# Work instructions:
Within the entries below, please retype exactly the lines starting with the line that has "12. 1852. 6" and going on through the line that has "CALÇA JEANS WIDE LEG CARGO PRETO REF:0209A", but not the pictures.

# Supplied data:

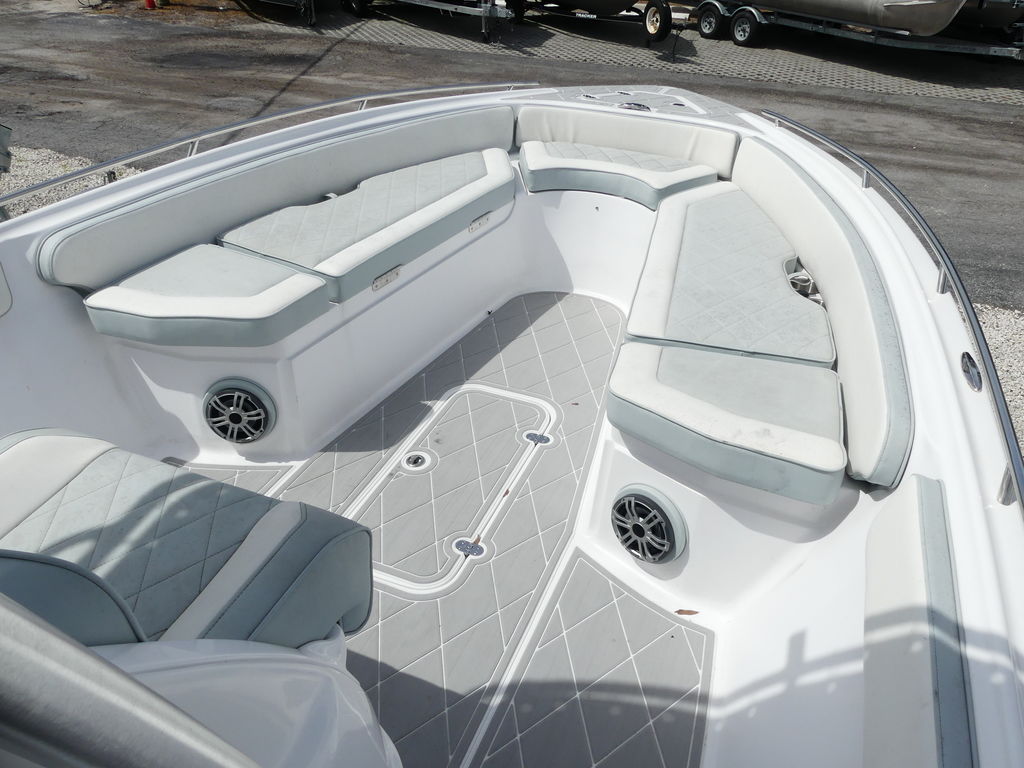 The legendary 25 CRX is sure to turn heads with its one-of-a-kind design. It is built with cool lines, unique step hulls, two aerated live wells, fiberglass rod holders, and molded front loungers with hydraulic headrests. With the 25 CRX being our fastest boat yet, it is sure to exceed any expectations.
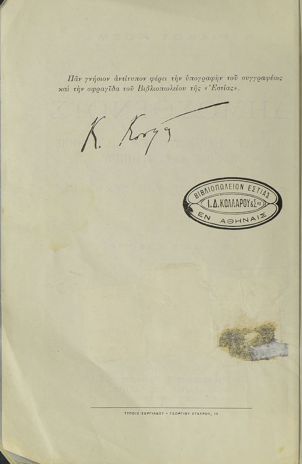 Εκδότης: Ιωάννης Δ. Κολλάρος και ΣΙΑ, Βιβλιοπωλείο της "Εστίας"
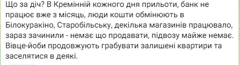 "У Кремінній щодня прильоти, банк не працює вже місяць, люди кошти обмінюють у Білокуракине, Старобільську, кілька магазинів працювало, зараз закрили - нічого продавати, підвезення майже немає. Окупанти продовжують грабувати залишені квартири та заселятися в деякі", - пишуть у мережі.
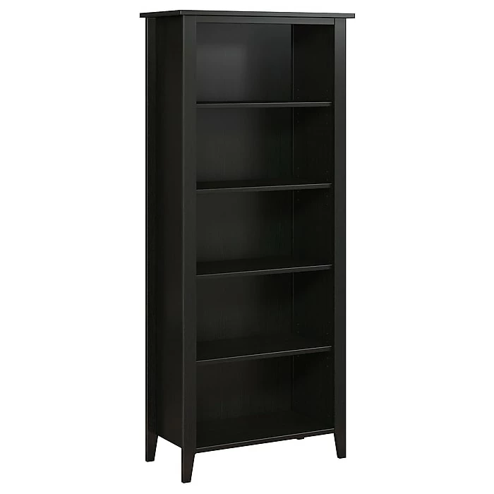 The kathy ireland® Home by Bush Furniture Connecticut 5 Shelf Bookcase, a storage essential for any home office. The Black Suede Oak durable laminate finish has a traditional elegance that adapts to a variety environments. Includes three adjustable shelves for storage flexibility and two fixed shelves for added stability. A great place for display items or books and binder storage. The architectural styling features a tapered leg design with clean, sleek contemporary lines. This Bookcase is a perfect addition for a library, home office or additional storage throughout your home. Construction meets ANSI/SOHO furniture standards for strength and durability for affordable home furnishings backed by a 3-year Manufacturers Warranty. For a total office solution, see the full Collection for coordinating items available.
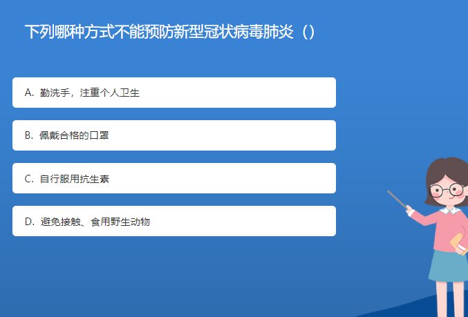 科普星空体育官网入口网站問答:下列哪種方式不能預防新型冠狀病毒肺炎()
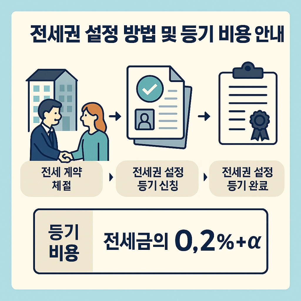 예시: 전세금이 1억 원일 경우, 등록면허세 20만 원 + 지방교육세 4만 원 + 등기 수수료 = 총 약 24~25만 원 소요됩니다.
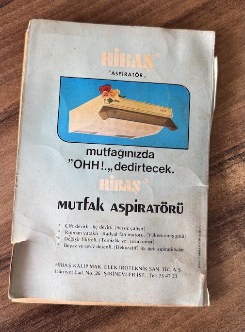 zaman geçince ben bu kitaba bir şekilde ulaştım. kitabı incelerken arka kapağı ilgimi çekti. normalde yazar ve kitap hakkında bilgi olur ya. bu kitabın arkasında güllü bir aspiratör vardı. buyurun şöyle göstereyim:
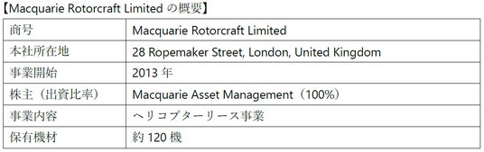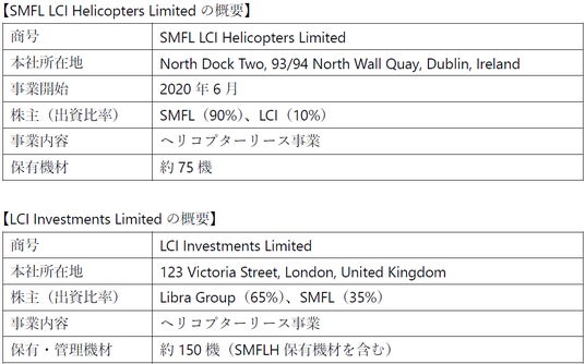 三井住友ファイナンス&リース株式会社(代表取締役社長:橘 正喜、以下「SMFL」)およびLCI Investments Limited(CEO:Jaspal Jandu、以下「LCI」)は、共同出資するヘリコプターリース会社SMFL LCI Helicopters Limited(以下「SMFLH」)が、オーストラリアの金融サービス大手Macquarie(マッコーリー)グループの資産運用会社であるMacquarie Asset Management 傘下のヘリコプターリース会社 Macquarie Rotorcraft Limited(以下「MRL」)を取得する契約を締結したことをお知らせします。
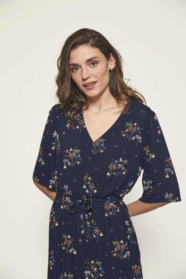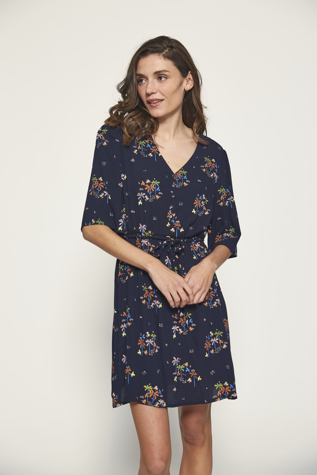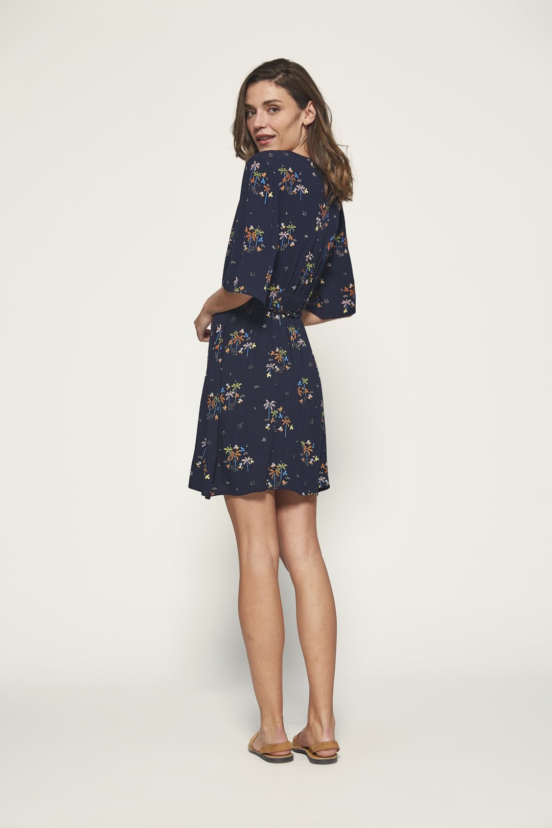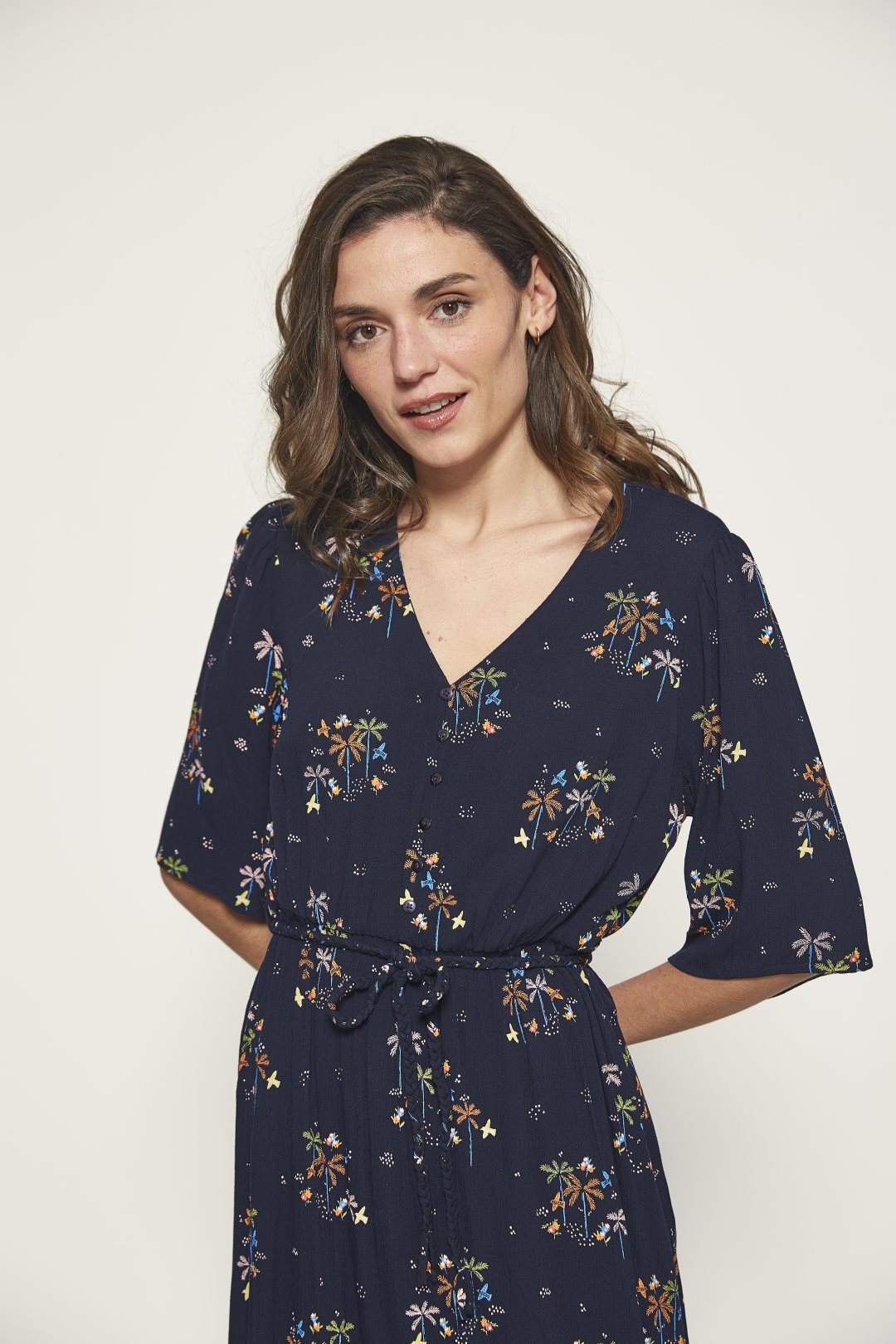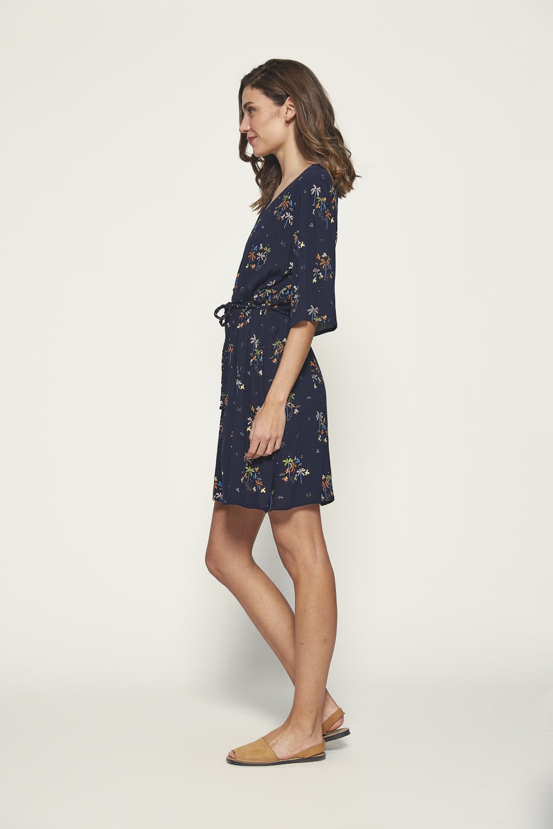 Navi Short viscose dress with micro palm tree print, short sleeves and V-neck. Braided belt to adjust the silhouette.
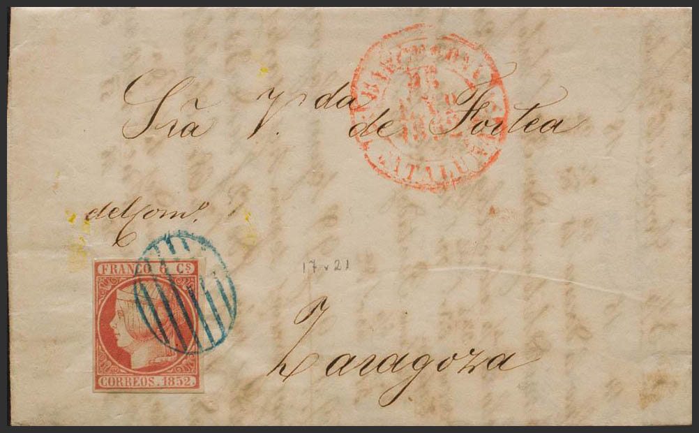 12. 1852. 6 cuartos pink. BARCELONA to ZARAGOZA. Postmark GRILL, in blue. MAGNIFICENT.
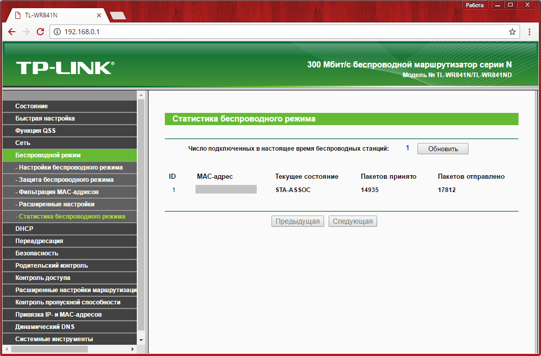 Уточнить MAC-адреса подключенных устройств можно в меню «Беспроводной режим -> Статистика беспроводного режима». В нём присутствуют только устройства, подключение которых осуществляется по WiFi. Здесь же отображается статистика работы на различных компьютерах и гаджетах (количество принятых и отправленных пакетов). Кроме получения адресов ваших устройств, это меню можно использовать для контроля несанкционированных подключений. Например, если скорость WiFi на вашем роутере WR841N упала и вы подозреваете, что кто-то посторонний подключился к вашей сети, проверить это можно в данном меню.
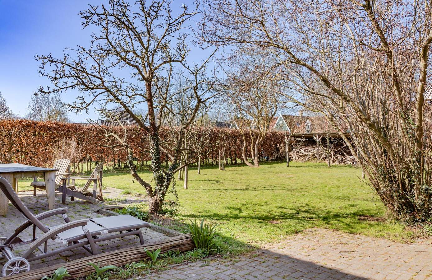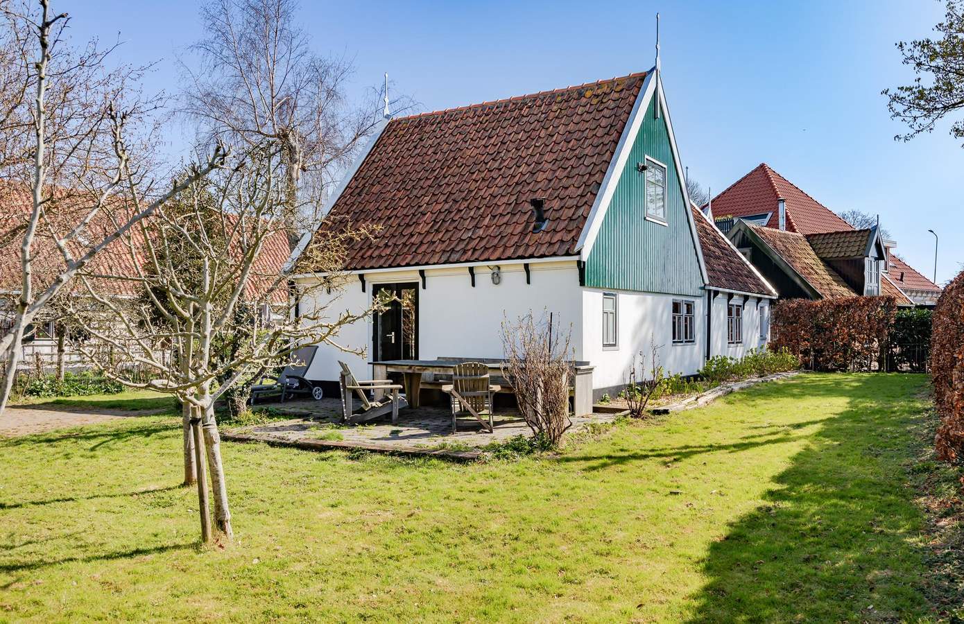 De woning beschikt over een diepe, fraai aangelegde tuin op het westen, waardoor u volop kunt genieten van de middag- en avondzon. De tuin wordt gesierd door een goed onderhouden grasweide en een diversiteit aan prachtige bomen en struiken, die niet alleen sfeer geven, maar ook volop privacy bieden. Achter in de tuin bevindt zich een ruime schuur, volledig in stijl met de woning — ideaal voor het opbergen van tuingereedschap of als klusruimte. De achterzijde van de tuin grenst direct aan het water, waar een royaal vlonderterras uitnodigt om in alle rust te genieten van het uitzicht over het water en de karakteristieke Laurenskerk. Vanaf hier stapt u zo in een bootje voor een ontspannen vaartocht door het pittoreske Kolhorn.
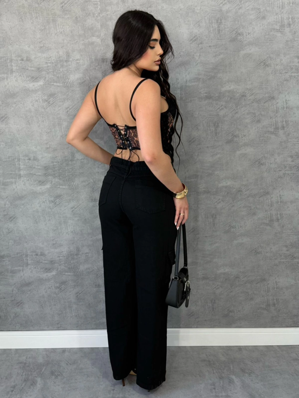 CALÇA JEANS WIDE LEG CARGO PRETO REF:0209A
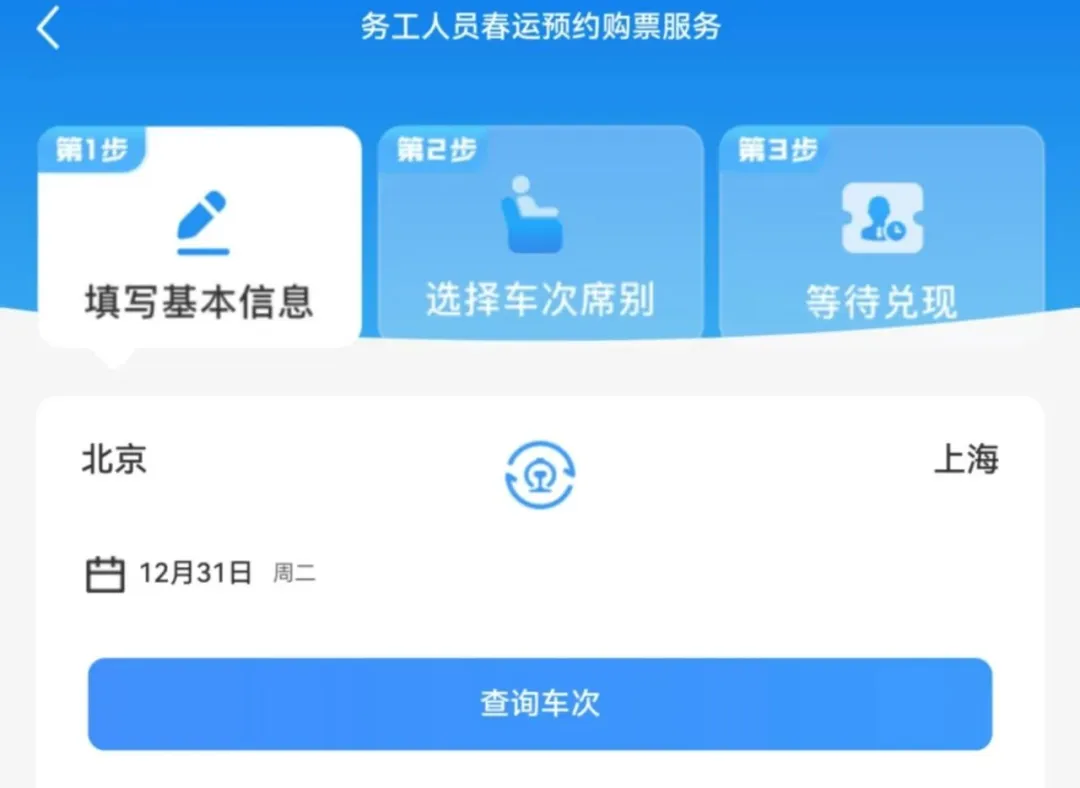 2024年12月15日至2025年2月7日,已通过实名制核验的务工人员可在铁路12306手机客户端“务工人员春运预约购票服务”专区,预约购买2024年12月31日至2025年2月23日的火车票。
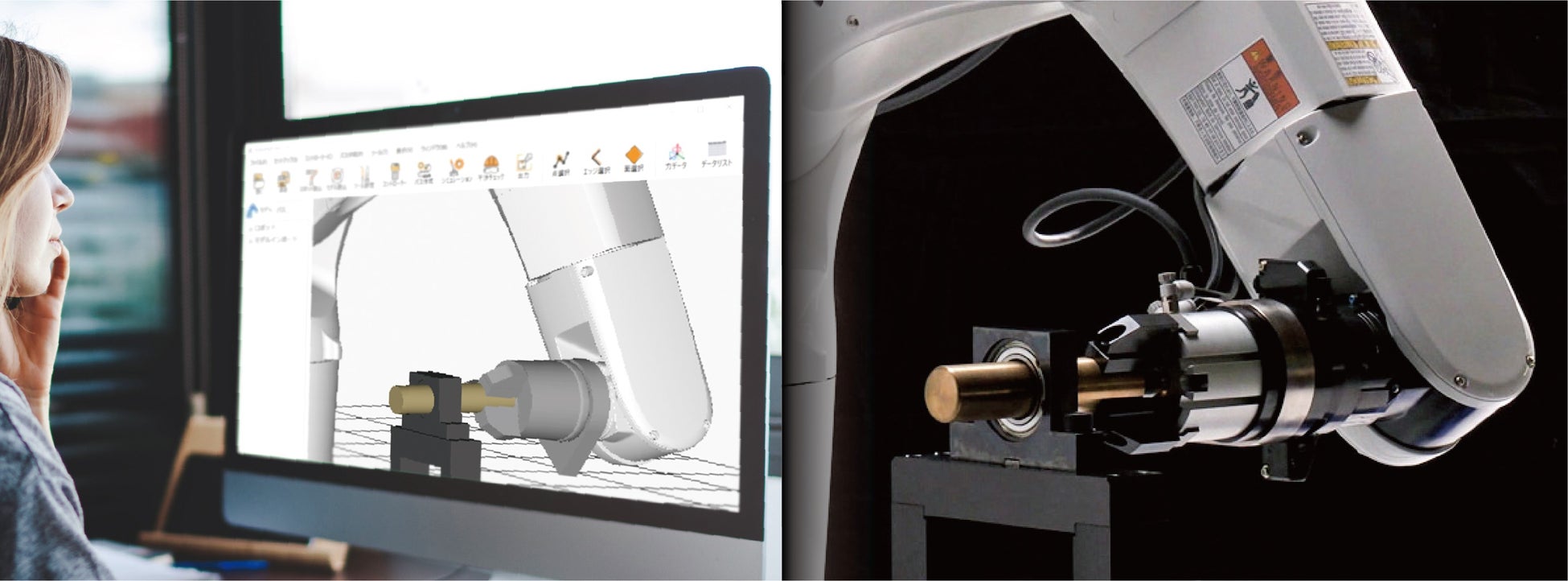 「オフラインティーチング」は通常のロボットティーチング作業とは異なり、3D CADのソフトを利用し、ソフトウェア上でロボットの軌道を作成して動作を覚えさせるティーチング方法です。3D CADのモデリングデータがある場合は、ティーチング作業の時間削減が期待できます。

# Output:
 12. 1852. 6 cuartos pink. BARCELONA to ZARAGOZA. Postmark GRILL, in blue. MAGNIFICENT.
 Уточнить MAC-адреса подключенных устройств можно в меню «Беспроводной режим -> Статистика беспроводного режима». В нём присутствуют только устройства, подключение которых осуществляется по WiFi. Здесь же отображается статистика работы на различных компьютерах и гаджетах (количество принятых и отправленных пакетов). Кроме получения адресов ваших устройств, это меню можно использовать для контроля несанкционированных подключений. Например, если скорость WiFi на вашем роутере WR841N упала и вы подозреваете, что кто-то посторонний подключился к вашей сети, проверить это можно в данном меню.
 De woning beschikt over een diepe, fraai aangelegde tuin op het westen, waardoor u volop kunt genieten van de middag- en avondzon. De tuin wordt gesierd door een goed onderhouden grasweide en een diversiteit aan prachtige bomen en struiken, die niet alleen sfeer geven, maar ook volop privacy bieden. Achter in de tuin bevindt zich een ruime schuur, volledig in stijl met de woning — ideaal voor het opbergen van tuingereedschap of als klusruimte. De achterzijde van de tuin grenst direct aan het water, waar een royaal vlonderterras uitnodigt om in alle rust te genieten van het uitzicht over het water en de karakteristieke Laurenskerk. Vanaf hier stapt u zo in een bootje voor een ontspannen vaartocht door het pittoreske Kolhorn.
 CALÇA JEANS WIDE LEG CARGO PRETO REF:0209A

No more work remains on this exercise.